Jayme Murahovschi — Minha satisfação foi criar a base para formação não só de pediatras, mas de médicos gerais especialistas. Desde o começo, nunca reprovei meus alunos, pois sabia que eles eram bons, mas que a maioria não ia ser pediatra. No entanto, também os convenci de que eles deveriam ter uma formação médica básica que incluía a pediatria. Enumerei os temas essenciais e fazia-os repetir as provas, tantas vezes quantas fossem necessárias, até que mostrassem ter aprendido. Eles acatavam e acabavam se convencendo de que a noção dos conhecimentos básicos pediátricos era importante para todos os médicos. Como na época não havia livros de pediatria adequados, compusemos uma apostila com um texto básico seguido de um questionário útil para memorizar as respostas e sedimentar os conhecimentos. Essa apostila me inspirou e foi a base para o meu livro Pediatria: diagnóstico + tratamento (Ed. Sarvier). Durante minha carreira como professor na FCMS, fui homenageado por todas as turmas, fui paraninfo de três turmas e patrono de uma.
Notícias da Saúde Infantil — Olhando para trás e para os feitos ao longo da carreira médica, que deve ser motivo de muita satisfação, como se sente atualmente? O que diria aos pediatras que estão começando na carreira em 2024?
Jayme Murahovschi — Minha carreira pediátrica me trouxe a satisfação do dever cumprido (atendimento, transmissão de experiência adequada, análise da literatura pediátrica). Mesmo sabendo que hoje vivemos em realidades distintas, os valores e as verdades persistem. Os pediatras atuais devem estar a par da tecnologia moderna, que evolui e progride rapidamente. Por outro lado, os valores e as verdades que constituem a sabedoria popular e a sabedoria médica persistem. Cabe portanto aos médicos, aproveitando seu prestígio, não se limitar ao seu âmbito de atuação profissional específico, mas atuar em benefício da comunidade. E uma forma de beneficiar a comunidade continua sendo o apoio e o estímulo ao aleitamento materno.

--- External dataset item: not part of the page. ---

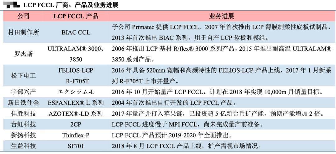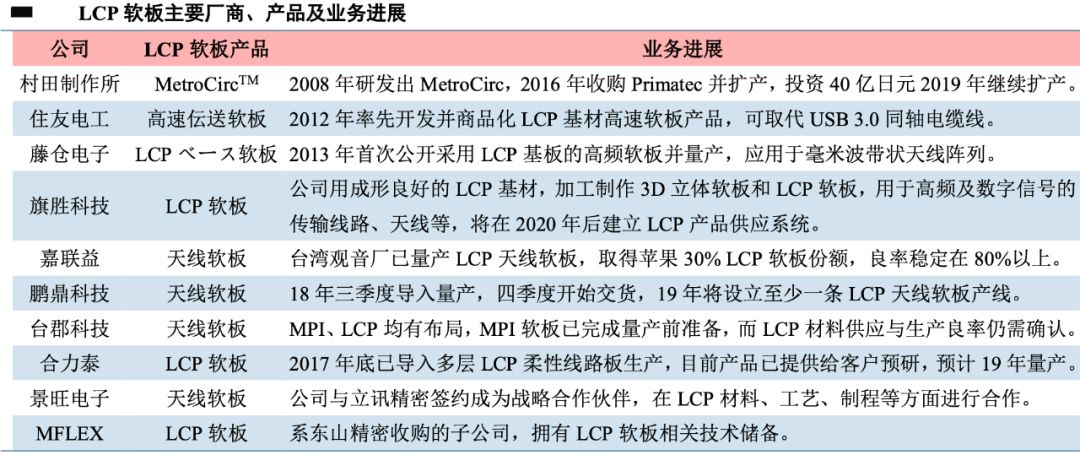 LCP软板仍由日台厂商主导。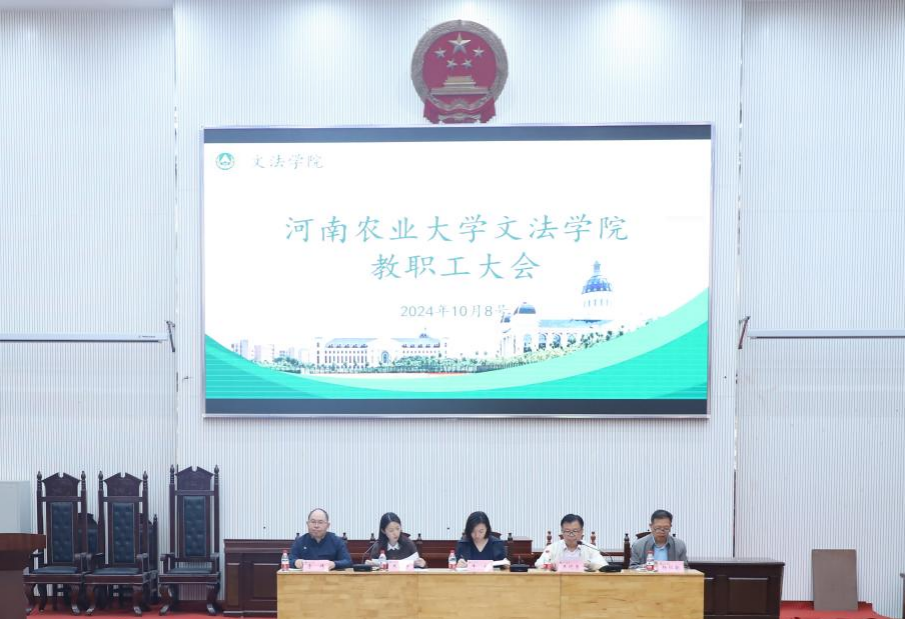 在龙子湖校区繁塔楼A座模拟法庭召开全体教职工大会暨2024年度国家社科基金项目和教育部人文社科基金项目表彰大会。学院党委书记牛娟、院长王晓勇、党委副书记朱瑞萍、副院长杨红朝、副院长李伟及全体教职工参加会议,会议由王晓勇主持。

Notícias da Saúde Infantil — Ao longo de sua vida acadêmica e profissional, algumas das inovações que o senhor criou ou as causas que defendeu chegaram a influenciar políticas públicas? De que tipo de política pública ainda sente falta?
Jayme Murahovschi — Sim, nos anos 1970, com o grupo de médicos da FCMS, incluindo dra. Keiko Teruya, dra. Laís Graci Bueno dos Santos, dr. Ernesto Teixeira do Nascimento, dr. Venâncio Ferreira Alves e dr. Paulo Sergio Andrade e Silva, começamos o resgate do aleitamento materno na zona litorânea. Isso trouxe para o Hospital Guilherme Álvaro o título de primeiro Hospital Amigo da Criança do estado de São Paulo e segundo Hospital Amigo da Criança do Brasil. O incentivo ao aleitamento materno, a licença-maternidade, os intervalos admitidos para a mãe amamentar, o alojamento conjunto, as curvas de crescimento de lactentes são conquistas que merecem valorização e demonstram a vantagem da prática para a sociedade como um todo. E isso deve se refletir na política pública oficial. A amamentação hoje já não está diretamente ligada à sobrevivência do recém-nascido, mas vale para todos os níveis socioeconômicos e pode ser a diferença na qualidade de vida. Amamentar é mais do que nutrir, é mais do que criar. É também um ato de amor.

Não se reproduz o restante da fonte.